Было уже темно. Доктор устало дошагал до стула и тяжело опустился на него; Филипп подошел к окну и приоткрыл форточку.

– Очень он плох, да? – сам не зная зачем, спросил Филипп, не поворачиваясь к доктору.

– Я подумал, ты уже смирился, – бездумно выпалил Петр Сергеевич и посмотрел на Филиппа, – прости, я не хотел обидеть. Он плох, да, ему должно быть трудно сейчас держаться, но он мужественно терпит, – он сделал паузу. – Скоро болезнь его настигла, быстро стала проявляться, такое редко происходит, чтобы вот так сразу. Люди, конечно, сгорают за день, но я первый раз воочию это наблюдаю и ничего не могу сделать, разве что колоть бесконечно морфин, от которого он отказался.

– Спасибо тебе, Петр Сергеич, что помогаешь, а ведь мог бы уже оставить это дело и пойти домой.

– Это мой долг – быть с больным. Мы же врачи, наше призвание – людей спасать, а если спасти нельзя, то смягчать последние минуты. Здесь я ничего сделать не могу и чувствую некую вину за это. Жалко, что такой хороший человек уходит, неправильно я его расценил поначалу, спесивым юнцом он мне показался.

– Вчера-то?

– Да, вчера, когда ко мне наведались. Твердил всё, что мне нет дела, что я равнодушно долг выполняю, ан нет, не прав был. Я с каждым больным его тяготы переношу, не могу по-другому, а потом радуюсь его выздоровлению.

– Он и мне тогда всё утро говорил про свои мысли, но я не понимал. А потом к окну подошел, посмотрел, увидел эту кутерьму – и понял. Но он её преувеличивает, слишком категорично смотрит вокруг. Взять хоть этого продавца, вечно сидящего за газетой, – тот ещё философ-самоучка, толковый старичок, внимательный. Ваня мне как-то говорил, что в каждом есть «семя», символизирующее, что ли, саму душу человека. Это семя он боится вырастить и бережет, но напрасно; оно сильно и устойчиво, ему нужно помогать, а не укрывать от мира. Необходимо показать человеку его свободу, раскрыть его, тогда он обретет себя.
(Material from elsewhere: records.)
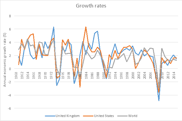 Figure 2: The growth rates in UK, USA and the world over the course of the last five decades. Data extracted from WorldBank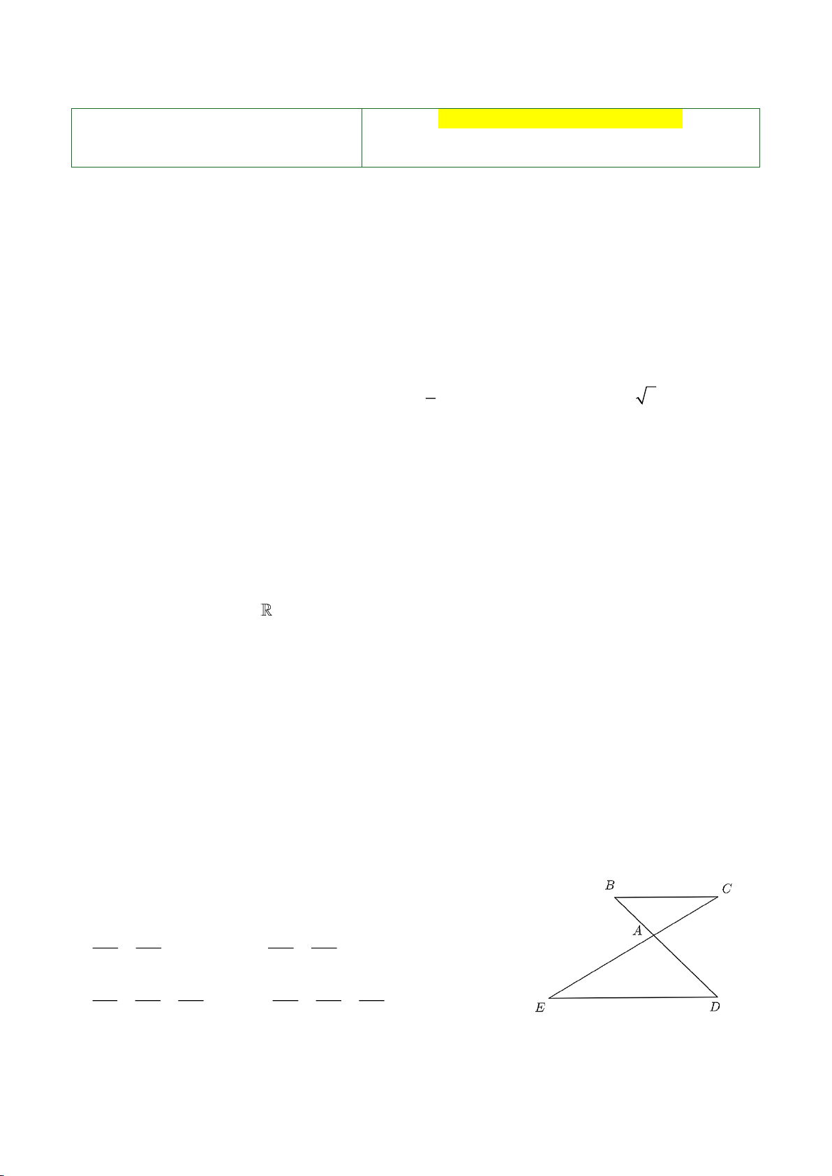 Câu 7. Cho hình vẽ bên, biết BC∥ ED . Khẳng định nào sau đây là sai? AB BC AD AE A. = . B. = . AD DE AB AC AB AC BC AD AE DE C. = = . D. = = . DB CE DE AB AC BC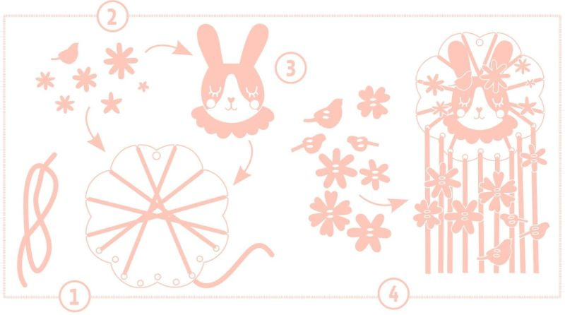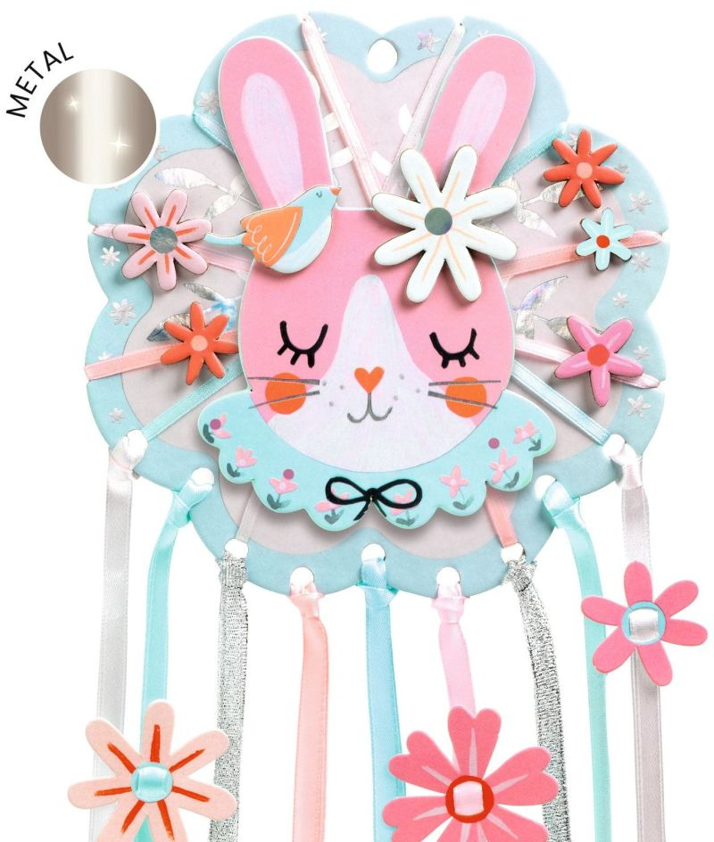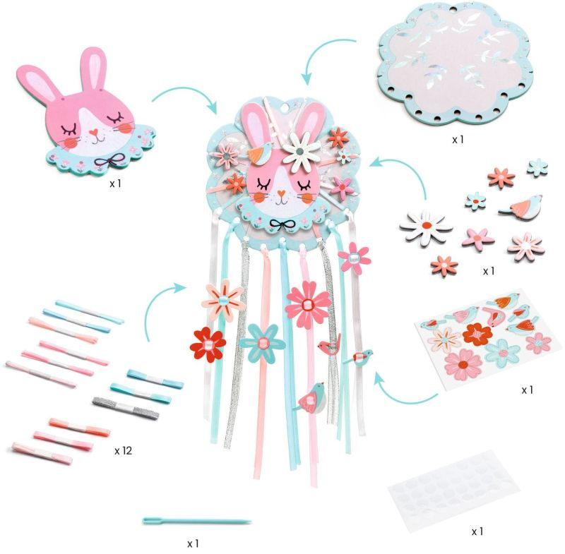 Głównym elementem łapacza snów od Djeco jest podobizna uroczego króliczka, którego należy ozdobić różnokolorowymi sznurkami, wstążeczkami i naklejkami. W komplecie przewidziano bogaty wybór akcesoriów w postaci: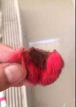 于是,美容所用红色染料,盖住了狗狗的耳朵和尾巴,并用铝箔包裹了40分钟,最终染成了红色。
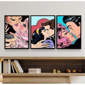 Garanta já o seu Kit 3 Quadros Decorativos Beijo Pop Art Casais 45X34Cm Vidro e deixe sua casa ainda mais bonita e charmosa. Não perca tempo e transforme sua casa com esses lindos quadros decorativos. Ean: 7893598965218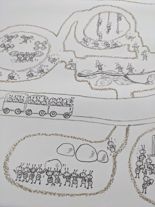 ありんこトロッコ 原画制作風景の一枚 キャンソンモンヴァル紙に 色鉛筆でありんこさん達を描きます。 ありんこの巣と土の部分の境目はクーピーペンシルとクレヨン。 この後水張りして水彩絵の具で着彩します。 #イラスト好きさんと繋がりたい #イラスト #illustration #絵本 #ありんこトロッコ

– В университете как-то в свободное от больниц время я тоже увлекался философией, свободой личности, духовным развитием, но потом пришел к выводу, что каждый выбирает для себя свой путь. Я выбрал свой – но это ведь не значит, что мой путь правилен для всех вокруг. Некоторые не хотят искать себя в темноте, потому что это тяжело и игра не стоит свеч, как они считают. Стоит ли им помогать избавиться от всего напускного? Вопрос сложный. Иван считает, видимо, что нужно. Сейчас, пожалуй, я с ним соглашусь, через много лет после своих юношеских мыслей. Человек не хочет избавиться от своих искусственно возведенных рамок. Но как он может не желать, если он не знает, что такое свобода, не знает, кто он на самом деле? Он просто не задумывается об этом, это вне сферы его рутинной мысли. Люди, которые закрылись в себе от мира, зациклились лишь на своих установках, – своего рода беспомощны, их нужно вызволять из их колодца небытия. Они ведь не знают себя, боятся услышать внутренний голос, боятся понять, кто они в этой жизни и на что способны. Один, может быть, художник, другой – танцор, третий – превосходный наездник. Когда они познают себя, когда обретут истинную свободу, чтобы быть человеком, тогда они скажут спасибо тем, кто их наставлял.